Cloud Platform Modernization Architect specializing in transforming legacy systems into reliable, observable, and cost-efficient Cloud platforms.

Certified: Google Professional Cloud Architect, AWS Solutions Architect, MapR Cluster Administrator

how to design and tune Spark pipelines for high-volume lead, view, and sales event data; covering shuffle behavior, skew handling, and storage layout so pipelines stay correct and scalable.

Context: Platforms that combine lead/view events (e.g. product views, form submissions, campaign touchpoints) with sales/transaction data at scale (e.g. multi-TB per day) run on Spark (or similar) for ingestion and batch/streaming processing. The main challenges are not only “what to compute” but how Spark executes: shuffle volume, skew, and storage layout directly drive latency, cost, and reliability. This post explains how a resident big data architect approaches ingestion, partitioning, shuffle, skew, and storage so the platform meets freshness SLAs and stays operable.

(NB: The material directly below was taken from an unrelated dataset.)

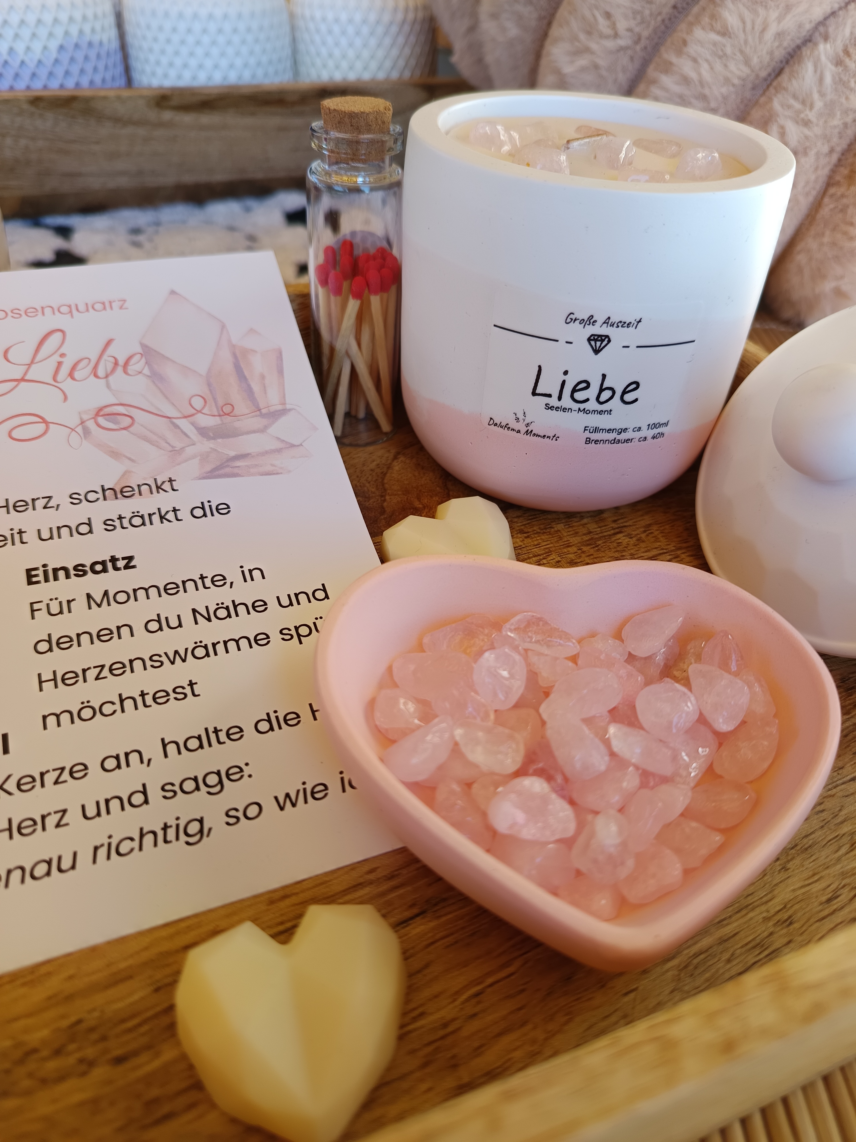 Liebe – rosa mit feinem Duft nach Frizzante & Rose, enthält kleine Rosenquarz-Steine, sie wirkt besonders im Herz-Chakra und fördert Herzöffnung, Geborgenheit und Selbstliebe
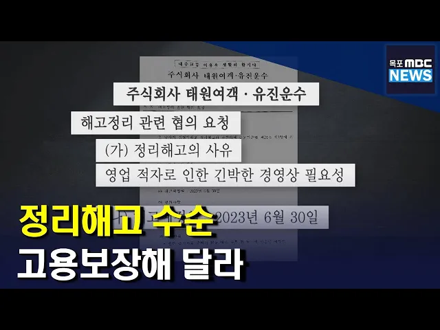 ◀ANC▶ 태원유진운수 이한철 회장이 다음 달까지 경영일선에서 손을 떼기로 한 가운데 회사정리 절차에 들어가고 있습니다. 버스회사측은 노동조합에 정리해고 협의를 요청했고 노동조합은 고용보장 등을 요구하고 나섰습니다. 김 윤 기자가 취재했습니다. ◀END▶ (C/G) 태원유진운수가 노동조합에 보낸 해고정리 협의 ...

Why Spark, and what breaks at scale

At multi-TB daily volume, ingestion and processing must be distributed. Spark gives a single programming model for batch and streaming (Structured Streaming), but shuffle, skew, and storage become the main levers. If you ignore them:

  • Shuffle: Wide transformations (joins, aggregations by new keys, distinct) trigger shuffle. Too many partitions -> many small shuffle writes and slow fetches; too few -> few huge tasks, OOM or stragglers. Wrong partition keys -> unnecessary shuffle or data skew.
  • Skew: A few keys (e.g. power users, hot products) get a disproportionate share of data. One or a few tasks do most of the work; the rest sit idle. Job latency is dictated by the slowest task.
  • Storage: Many small files (e.g. per-microbatch) cause slow listing and many small reads; huge files cause poor parallelism and spill. Partition layout and file size directly affect read performance and downstream jobs.

So the architect’s job is to design the data flow and key layout so that shuffle is minimized and balanced, skew is handled explicitly, and storage is optimized for the read patterns. The rest of this post is organized around those three themes.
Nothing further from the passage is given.